DATA EXTRACT:
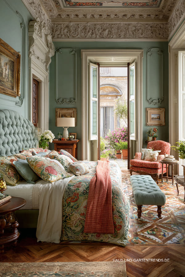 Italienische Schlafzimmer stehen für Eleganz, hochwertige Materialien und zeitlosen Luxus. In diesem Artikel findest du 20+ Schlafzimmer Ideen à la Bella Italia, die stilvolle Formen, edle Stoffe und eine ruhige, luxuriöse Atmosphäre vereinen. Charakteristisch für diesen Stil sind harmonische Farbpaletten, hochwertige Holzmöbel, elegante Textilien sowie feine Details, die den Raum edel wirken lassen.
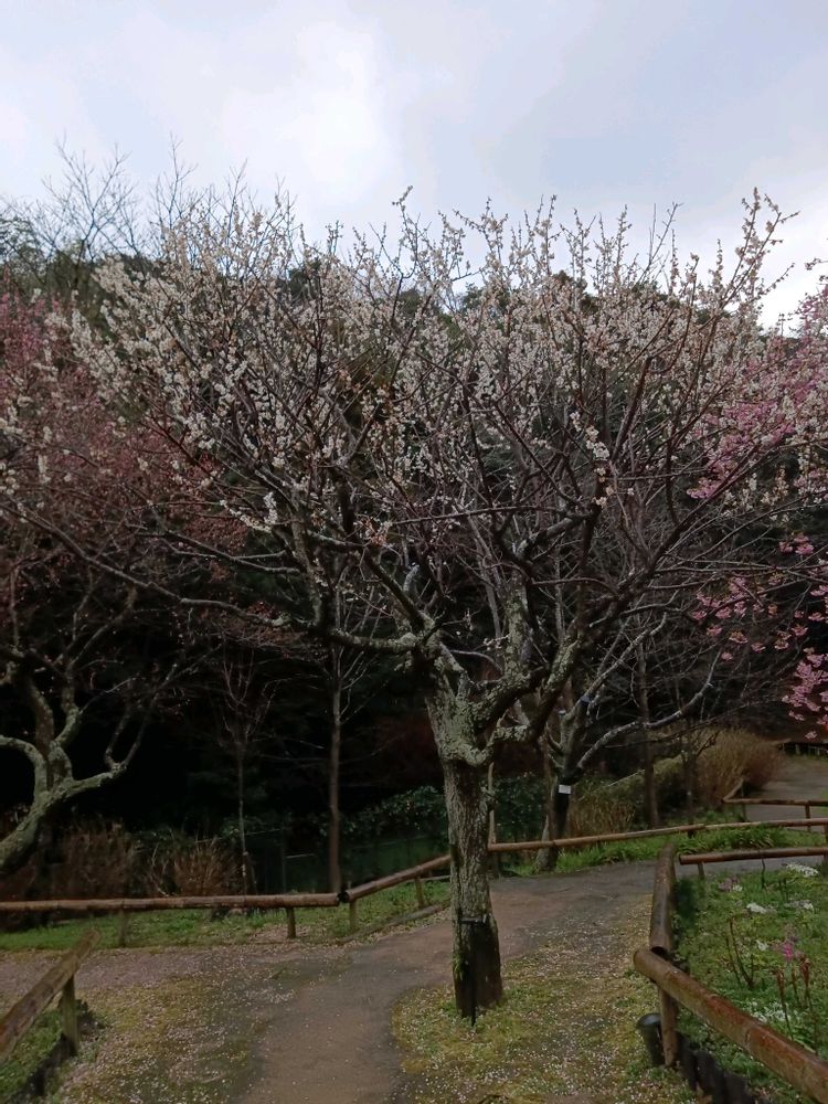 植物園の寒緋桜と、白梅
--
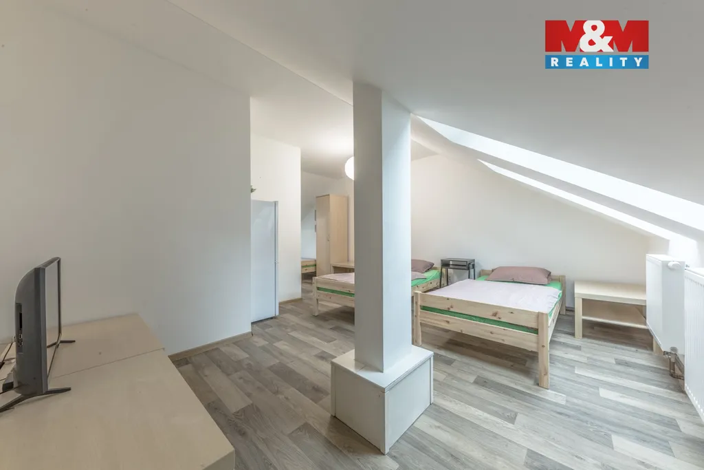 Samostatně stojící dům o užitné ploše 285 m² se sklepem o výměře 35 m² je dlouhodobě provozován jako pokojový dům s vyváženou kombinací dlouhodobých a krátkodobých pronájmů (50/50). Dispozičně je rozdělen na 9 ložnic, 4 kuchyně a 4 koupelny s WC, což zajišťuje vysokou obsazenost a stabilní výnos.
---
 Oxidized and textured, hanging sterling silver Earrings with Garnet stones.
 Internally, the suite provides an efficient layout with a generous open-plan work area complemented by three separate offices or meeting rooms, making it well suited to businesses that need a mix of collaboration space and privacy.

THE PROBLEM:
Quote the data above from the line containing "Oxidized and textured, hanging" to the line containing "Internally, the suite", inclusive, and stop.

FINAL ANSWER:
 Oxidized and textured, hanging sterling silver Earrings with Garnet stones.
 Internally, the suite provides an efficient layout with a generous open-plan work area complemented by three separate offices or meeting rooms, making it well suited to businesses that need a mix of collaboration space and privacy.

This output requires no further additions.